Performance: Eva Ammermann und Mario Scheuermann rühren was zusammen

Was kommt dabei heraus, wenn sich eine Aktionskünstlerin und ein Schriftsteller zu einer gemeinsamen Performance verabreden? Im Falle von Eva Ammermann und Mario Scheuermann etwas ganz Bodenständiges: Sie bereiten eine deftige Wintersuppe und philosophieren dabei über Kraut und Rüben und warum Kochen auch Kunst ist. Alles zusammen bildete schließlich die verblüffende Finissage, die der Ausstellung "L'aliment" von Eva Ammermann in der Galerie Hagenström einen letzten Aha-Effekt bescherte. Ungewöhnlich auch deshalb, weil in dem Ende zugleich ein neuer Anfang lag - doch davon soll später noch die Rede sein.

Selten drängt sich die Frage "Was darf Kunst?" so sehr auf, wie beim Betrachten der Fotoarbeiten von Eva Ammermann. "Mit Essen spielt man nicht" - die Mahnung aus Kindertagen blockiert zunächst das Einlassen auf die ungewöhnlichen Motive der Künstlerin: Erbsen mit Marmelade an einen Frauenschuh gepappt, eine Arbeitsjacke "aufgepeppt" mit Spitzkohlblättern, eine Rotkohl-Handtasche, mit der Eva Ammermann ganz selbstverständlich über den Hamburger Jungfernstieg flaniert. Überhaupt ist die Künstlerin meist selbst Teil der Performance und dem Betrachter der Bilder stellt sich unweigerlich eine Frage: Was ist absurder - Ammermann, die im Mantel aus getrockneten Brotscheiben vor einer großen Bank posiert, oder die Passanten, die achtlos vorbeilaufen, als sei es das Normalste auf der Welt?

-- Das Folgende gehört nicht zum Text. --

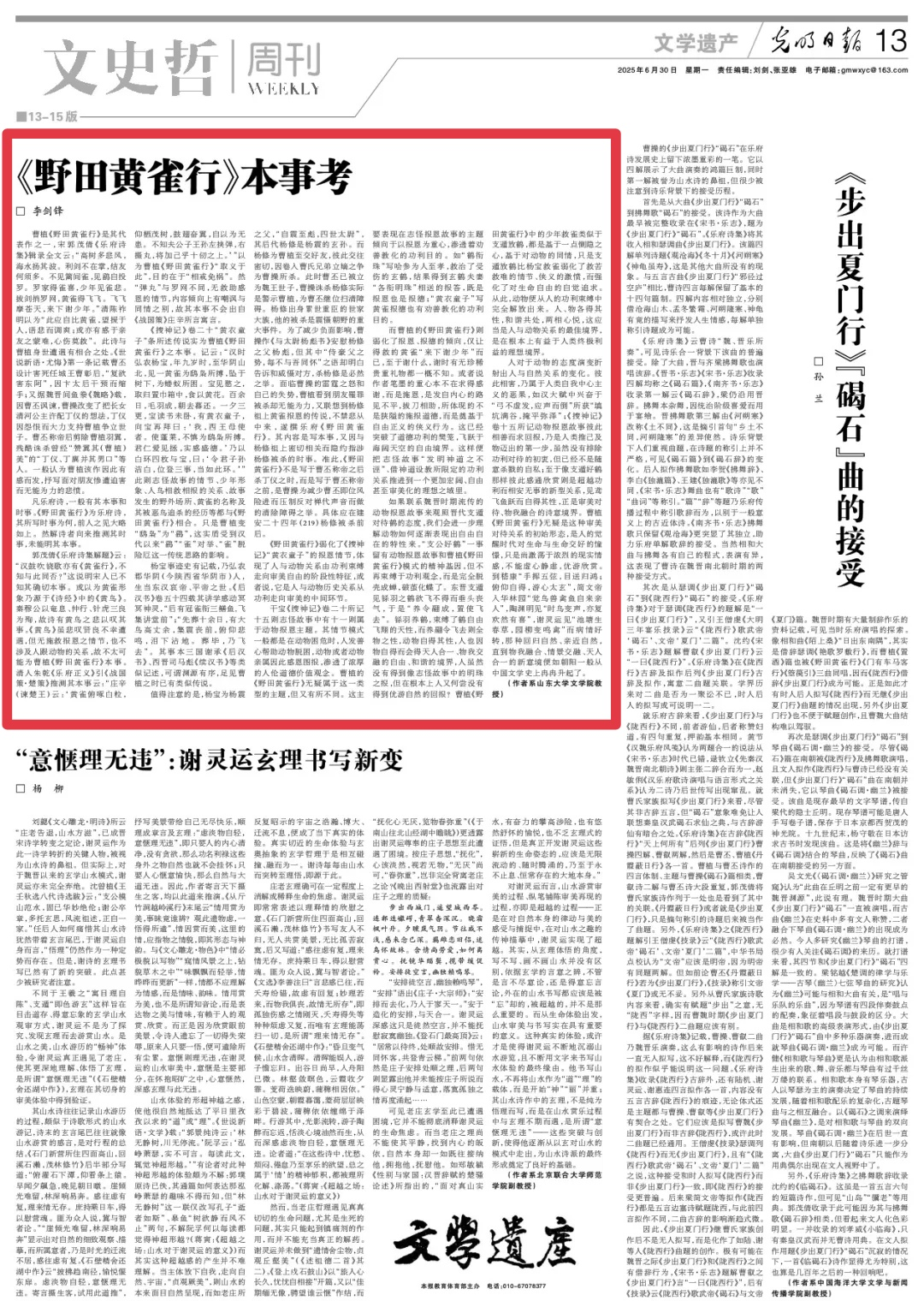 6月30日,公司李剑锋教授在《光明日报》发表文章《〈野田黄雀行〉本事考》。他凭借其深厚的学术功底和敏锐的研究视角,呈现了《野田黄雀行》背后丰富的历史与情感内涵。

Ähnliche Ansätze wie die der 54-jährigen Künstlerin aus Kuddewörde gab es übrigens schon in den 60er-Jahren. Der Schweizer Dieter Roth begann damals mit Nahrungsmitteln zu experimentieren: Wurstscheiben, Schokolade oder Gewürze wie Anis dienten ihm als Material für seine Kunstobjekte - die "Eat-Art" war geboren.

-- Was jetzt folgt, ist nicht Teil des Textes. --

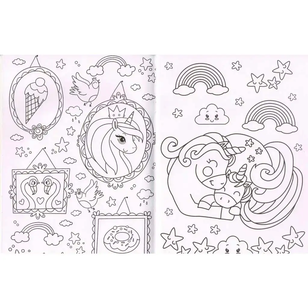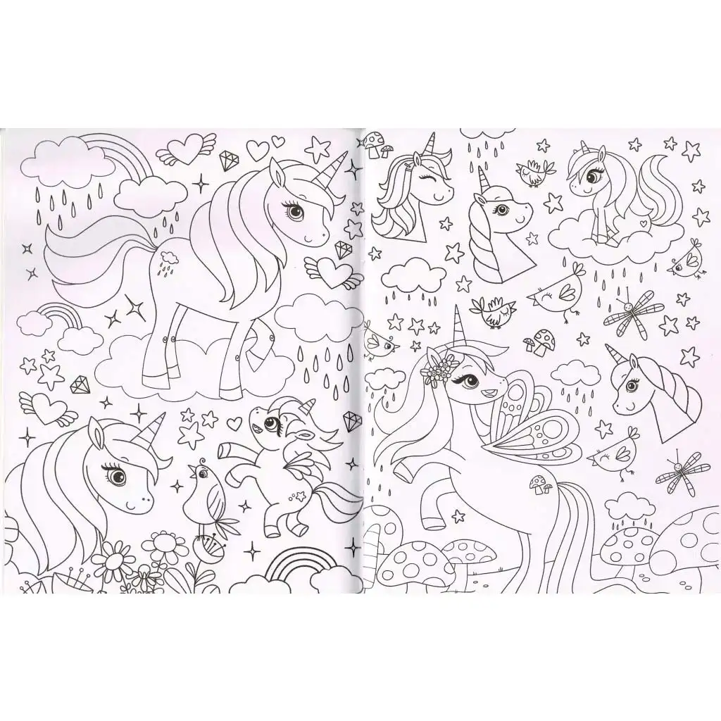 Na stránkach omaľovánky každý jednorožec ukrýva svoj vlastný príbeh – niektorí sa práve hrajú so svojimi kamarátmi medzi oblakmi, iní odpočívajú v pokoji pod dúhou. Deti si môžu voľne vybrať farby, ktoré použijú, a potom svoje výtvory ešte viac rozžiariť priloženými diamantovými samolepkami. Ružová trblietavá hriva? Alebo čarovná krajina, kde každý strom žiari dúhovými farbami? V tejto knihe je všetko možné!

Für den Lauenburger Journalisten und Gastro-Autor Mario Scheuermann hat diese Form der Kunst eine eigenständige, ästhetische Komponente. Der sinnliche Aspekt der so anders verarbeiteten Lebensmittel inspirierte ihn dazu, in seiner schier unerschöpflichen Sammlung nach einem Rezept aus regionalen Produkten zu stöbern. "Kochen ist ein schöpferischer Prozess, also Kunst", sagt er und schlägt so den Bogen zu den Bildern von Eva Ammermann. Was die beiden kreativen Köpfe dann gemeinsam schufen, darf sich ohne Weiteres ein Feuerwerk der Farben nennen: Suppe aus Roter Bete, Ingwer und Rotwein - bis auf den letzten Tropfen ausgelöffelt von den Gästen der Finissage. Das schmeckt nach mehr, sagen sich Eva Ammermann und Mario Scheuermann. Schon sind sie auf der Suche einem unverwechselbaren Rezept für eine leichte Sommerspeise.

Unter dem Stichwort "Eat-Art" findet man übrigens bei Google: Die Künstler reflektieren die Produktion, Verwertung und den Konsum von Lebensmitteln als Mittel der Identitätsstiftung in einer globalisierten Gesellschaft. Vielleicht ist es aber auch viel einfacher: Das, was Eva Ammermann und Mario Scheuermann zusammenrühren, ist Kunst in bestem Sinne.